Stryker President’s Criminal Charges Dropped by ProsecutorsJanelle Lawrence and David Voreacos
A former president at Stryker Corp. won’t be prosecuted on charges of marketing an unapproved mixture of two products for strengthening human bone growth, U.S. lawyers told a judge.
The government will abandon its 2009 indictment of Mark Philip, who ran Stryker Biotech LLC, prosecutors said today in federal court in Boston. The move follows the government’s decision last month to drop charges during the trial of three former Stryker sales representatives. Stryker, charged with a felony, pleaded guilty to a misdemeanor and paid a $15 million fine in connection with the unapproved marketing of the drugs.
“Earlier today, the government had an opportunity to review some documents that had previously been withheld as privileged,” Assistant U.S. Attorney Jeremy M. Sternberg told U.S. District Judge George O’Toole Jr. today at a pretrial hearing. “After reviewing the documents, it’s the government’s plan to file a motion to dismiss in the case against Mr. Philip.”

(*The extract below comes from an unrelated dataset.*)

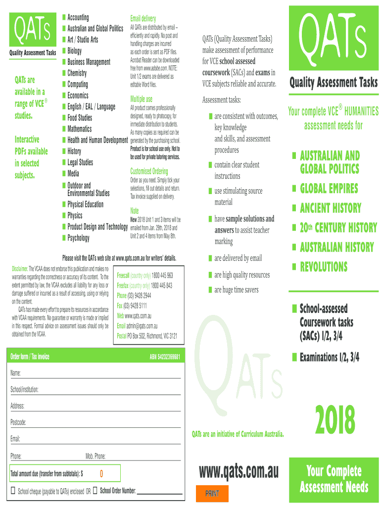Get the free Australian and Global Politics All QATs are distributed by email

The decision to drop charges against the fourth and final individual in the case marks a setback for the U.S. attorney’s office in Massachusetts, which has led the nation in health-care prosecutions in recent years. Philip, the president from 2004 to 2008, was charged with wire fraud and conspiracy. He faced as long as 20 years in prison if convicted.

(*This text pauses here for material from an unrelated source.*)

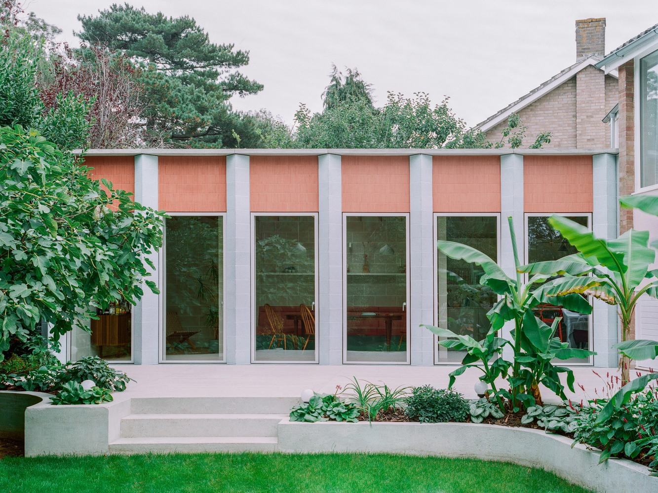 A vibrant triangular extension reimagines a 1950s home with bold color, efficient materials, flowing interiors, and garden-focused living in Epsom.

“We were able to give the government documents they had not seen before that showed Mark acted in good faith,” said Philip’s attorney, Stephen G. Huggard, of Edwards Wildman Palmer LLP. “We showed some of our defense.”
Huggard wouldn’t specify what the documents were. He said the government hadn’t agreed to drop the case until an hour before the hearing. Philip, 52, lives near Boston and is a U.K. citizen who faced deportation if he was convicted.
“Justice was done,” Philip said, declining to comment further as he went to retrieve his passport from court personnel.
The judge asked Huggard if he had anything to say.
“With all respect your honor, we’re happy to get out of the building,” Huggard told the judge.
After the two-minute hearing, Huggard said in a statement: “We applaud the government for recognizing that fairness and justice required the case to be dismissed. It is not easy for the government to acknowledge that charges were perhaps brought in error, and in this case, U.S. Attorney Carmen Ortiz deserves special credit for diving into the facts of the matter and making the hard, difficult decision to dismiss the case.”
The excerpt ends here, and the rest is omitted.